The local mask ordinance in Macon County does not require the wearing of a face covering, if people are outdoors and maintaining social distance. And in various other circumstances.

Because, you know … Georgia.

On the plus side, Macon Country has been one of the least-badly hit counties in the state over the pandemic.

One test fits all

There is no mention in the tournament information of subsequent PCR testing following that initial test.

At the Grand Slams and ATP/WTA tournaments, there typically have been re-tests every four days.

If that’s indeed the case, that will mean that the players will be on the hook for finding places to get tested between tournaments on this fall swing.

Most of the players will move on to another $80,000 tournament in Tyler, Texas the following week and a $100,000 event in Charleston the week after that.

If the same “96-hour rule” applies at those events (and you would assume it would), they will be looking for tests at the end of the week in Macon, and then in Tyler.

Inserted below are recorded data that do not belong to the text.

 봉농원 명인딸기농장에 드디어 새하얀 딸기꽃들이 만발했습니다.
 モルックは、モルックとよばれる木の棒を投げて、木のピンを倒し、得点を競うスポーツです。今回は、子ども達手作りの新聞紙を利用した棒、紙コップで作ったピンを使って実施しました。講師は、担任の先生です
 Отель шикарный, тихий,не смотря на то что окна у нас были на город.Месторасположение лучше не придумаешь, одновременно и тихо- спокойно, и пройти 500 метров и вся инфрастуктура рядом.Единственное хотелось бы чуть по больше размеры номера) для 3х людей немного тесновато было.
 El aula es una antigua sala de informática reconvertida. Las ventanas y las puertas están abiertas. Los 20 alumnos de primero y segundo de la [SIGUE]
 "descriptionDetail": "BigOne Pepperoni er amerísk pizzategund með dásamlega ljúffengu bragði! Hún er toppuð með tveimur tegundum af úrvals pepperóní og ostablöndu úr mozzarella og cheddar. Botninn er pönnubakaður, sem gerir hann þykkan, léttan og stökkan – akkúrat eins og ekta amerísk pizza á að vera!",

The USTA does have general COVID-19 guidelines for all (click below to see the full document).

A sheaf of ITF documents

The International Tennis Federation produced a heap of documents – for players and tournament organizers alike.

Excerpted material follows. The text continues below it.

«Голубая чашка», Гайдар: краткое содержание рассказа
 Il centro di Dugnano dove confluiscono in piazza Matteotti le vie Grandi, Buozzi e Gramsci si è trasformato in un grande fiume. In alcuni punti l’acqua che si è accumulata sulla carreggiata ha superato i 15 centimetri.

You can find them here. And here.

The only mention of COVID-19 testing is that tournaments must supply a local location where testing can be done (at the participants’ expense).

At the same time, the lists of requirements that must be adhered to are incredibly detailed, and virtually impossible to police at an individual tournament level even with best intentions.

At lower levels, no testing at all

If the testing at the $80,000 Macon event seems basic, it’s even more basic than that at the lower levels.

For next week’s $15K women’s tournament in Monastir, Tunisia, the prevailing rules are that of the country.

The players, allowed on site from Saturday (even if they might well already be there because they’re playing several events in a row), have their temperature taken and fill out a self-declaration form.

To enter the country, the players must have tested negative before travel. And depending on their country, might be subject to a quarantine period upon arrival.

In Sharm el Sheikh, Egypt, players must come armed with a negative PCR test to gain entry to the country at the Cairo airport. The window of time for that test is 72 hours.

In addition, the Sharm el Sheikh event requires the players to show proof of medical insurance coverage.

The ITF threshold for body temperature is 38C. But in Egypt, per the tournament detail sheet, it is 37.5C. And the stricter of the two takes precedence. The tournament warns that if a player’s temperature exceeds that threshold, they “will be required to seek medical assistance and will likely be ruled ineligible for the tournament.”

But again, it appears there’s no testing on site.

And these two events are held at resorts that are open to the public. So there are innumerable situations where the players are mixing with everyone.

French challenges in Cherbourg

At the $25K women’s event in Cherbourg-en-Contentin this week, there are additional challenges.

The nearest airport is more than 120 km. away. And so the players had to complete a complicated itinerary involving a half-hour bus ride, a 10-minute walk to the train station, a 75-minute train side, and then get to the hotel.

The tournament does list several testing centres in the area, where player can (at their own expense) get those needed negative tests.

It’s a commute to get to the women’s ITF in Cherbourg. But once you’re there, you won’t get a COVID-19 test. (TCEH Facebook page)

It’s no wonder that some of the qualifying spots at these ITF tournaments are available.

The pandemic has been a game changer on every level. It is exponentially harder to find places to compete, with so many tournaments cancelled week after week. And the events at that level simply can’t afford to provide the ideal amount of testing required.

So not only are the risks increased, there’s no way to really know how many positive coronavirus cases are coming out of these lower-tier events, because most are not testing.

As if it weren’t already challenging enough to try to climb up the ranks.